Signal and Noise tries very hard to be an epic book. Every aspect pushes it to be an epic, from length to content to style; it seems Griesemer wants this book to sit on the same shelves as Dickens in a book store. In some ways Griesemer succeeds at this, but in more ways he fails. One can appreciate how truly difficult a task it is to write an epic book (let alone compare it to a Dickens’ novel), and such books have more room for failure than success. Signal and Noise has moments that are dead-on worthy of the epic label, making it at least an interesting read.

Griesemer evinces considerable talent in his depictions of London and the American East Coast as the haggard, unpredictable places they were during 1800’s.
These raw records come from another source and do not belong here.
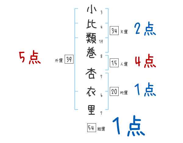 外運![]() | 小比類巻杏衣里さんの外運は39画の5つ星!社交性に優れ人望が厚い。人の上に立ち成功する。 生活面を象徴する運勢です。外部から受ける影響力を表し、結婚運、家庭運や職場、環境への順応性を表します。 |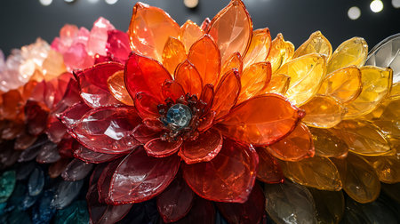 A vibrant, multi-colored flower sculpture composed of transparent, leaf-shaped petals. The center features a faceted gem.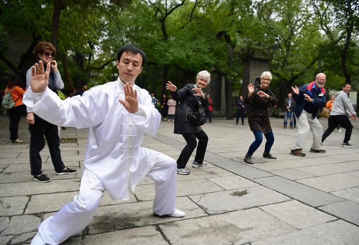 這是西安“80后”小伙趙慶(前)在小雁塔景區(qū)內(nèi)向外國游客教授楊氏太極拳動(dòng)作。新華社記者邵瑞攝

From the muddy quagmire of London streets in the winter to the fire-prone city center of New York and back to the sewage-filled air of London, Griesemer does a great job providing just the right details to stoke the reader’s imagination. The opening chapter is one of considerable strength, drawing most comparisons to the epics of Dickens. Griesemer brilliantly speaks of the throngs of people awaiting the launch of the world’s largest ship as though they are an ocean on which the giant ship will be sailing on, this ocean of humanity with its currents, ebbs, and undertows. Griesemer omits no pertinent detail about the event, from the local pub with its steamy windows, to the drunk and belligerent Germans, English, and Irish, to the mingling VIP’s who are dealing with the same rain and mud as the common folk. The writing is so vivid and descriptive that reading becomes a simultaneous task of reading the words on the page and watching the images he paints in one’s mind. But one flaw characterizes this powerful opening, a flaw epidemic to the whole book: the tone and foreshadowing effects of the boat launch are completely ignored and forgotten, and the rest of the story continues unaffected by this beautiful chapter. Griesemer has a painted a beautiful picture, but unfortunately one which does not blend well with other sections of the canvas.
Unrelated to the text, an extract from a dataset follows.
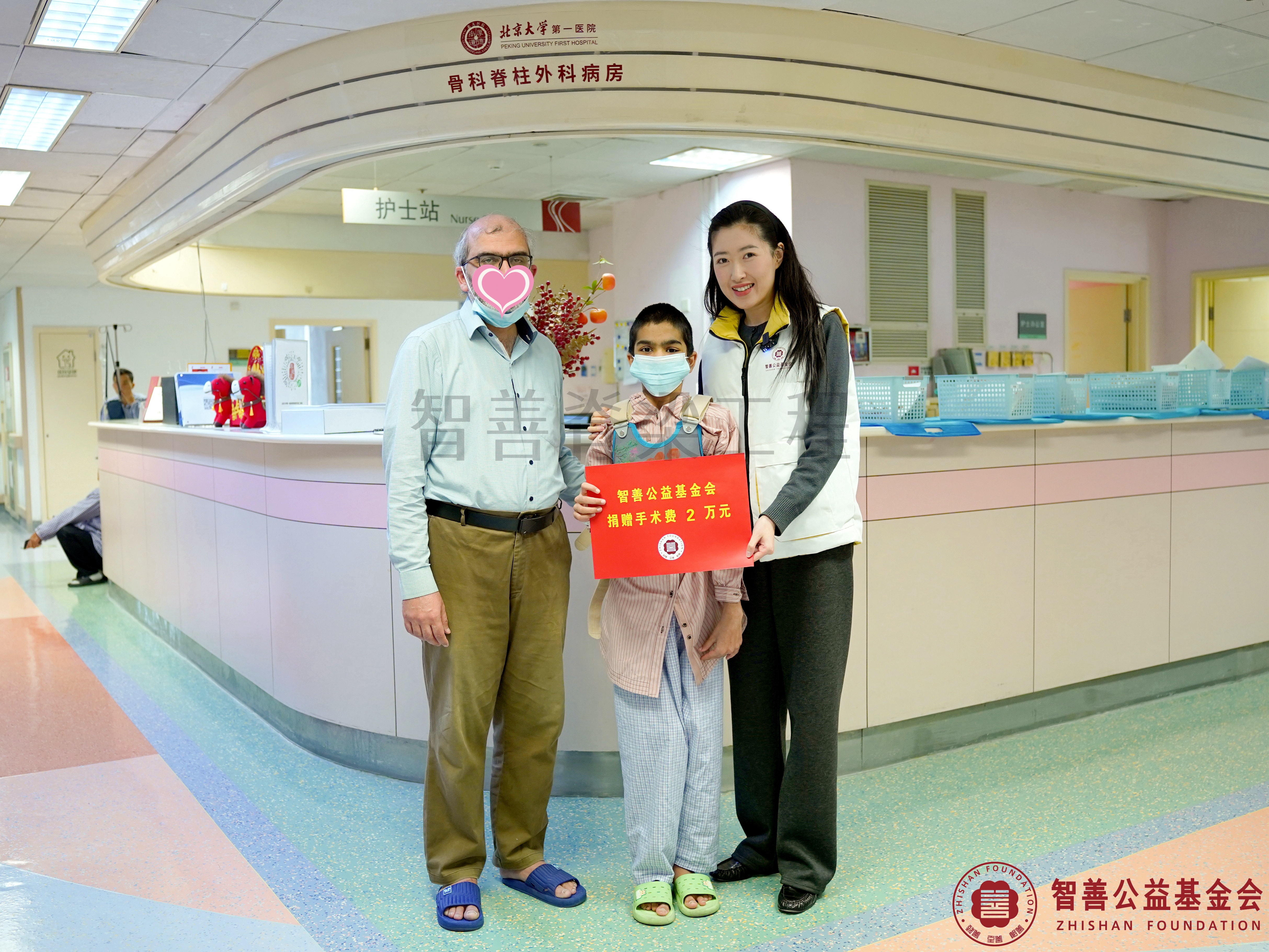 3月22日,北京大学第一医院脊柱外科病房内洋溢着爱的温情。爱心志愿者雨晴将智善公益基金会捐赠的2万元善款转交给在院治疗的巴基斯坦脊柱侧弯患者法提玛,这是智善脊梁工程自2013年创建以来救助的首位外籍患者。

Another flaw is Griesemer’s prioritization of his characters. For instance, the protagonist’s brother, Otis Ludlow, is treated as an afterthought through the first half of the book, the only introduction being a chapter on Otis’s strong spiritual side and a somewhat distracting travelogue. Eventually and rather abruptly Otis gains a prominent position in the story, despite the fact he had been estranged to his brother for some years, by gaining a post on the cable-laying expedition on the Atlantic. Conversely the introduction of Maddy, a prostitute whose place of business is literally under the River Thames, is thorough, timely, and well placed. Her introduction to the story is seamless and she earns her prominent place in the story. Maddy’s story is such that the reader cares about her, in part because of her ability to rise from below the Thames to become a London parvenu who finds happiness, success, and a life partner. Unfortunately, Maddy’s story is lost in the excitement of the conclusion and her eventual outcome is barely mentioned as a side note during the explanation of another character’s fate. How can a character who climbs out of the tunnels beneath the sewage-filled Thames to become a prominent socialite running one of London’s most respected brothels, a “fashionable and most tasteful establishment patronized by if not the very summit of London’s gentlemanly society, then at least by those on the upper slopes of it,” be treated as a mere afterthought at the conclusion of the story? Clearly priorities Griesemer has confused the priorities.

Griesemer is definitely an artist. Signal and Noise contains writing that borders on poetry, description so vivid one expects it could be the subject of a magazine shoot, and unique characters whose lives the reader gladly involves himself with. This being said, an epic book needs to always travel in one direction and keep the reader enthralled by having a smooth story and nothing more than a modicum of tangents. Signal and Noise fails at this. If you have some serious spare time and no books you have inkling at all to read, then I recommend this book. If that is not the case, I suggest picking up anything else on your “To Read” list.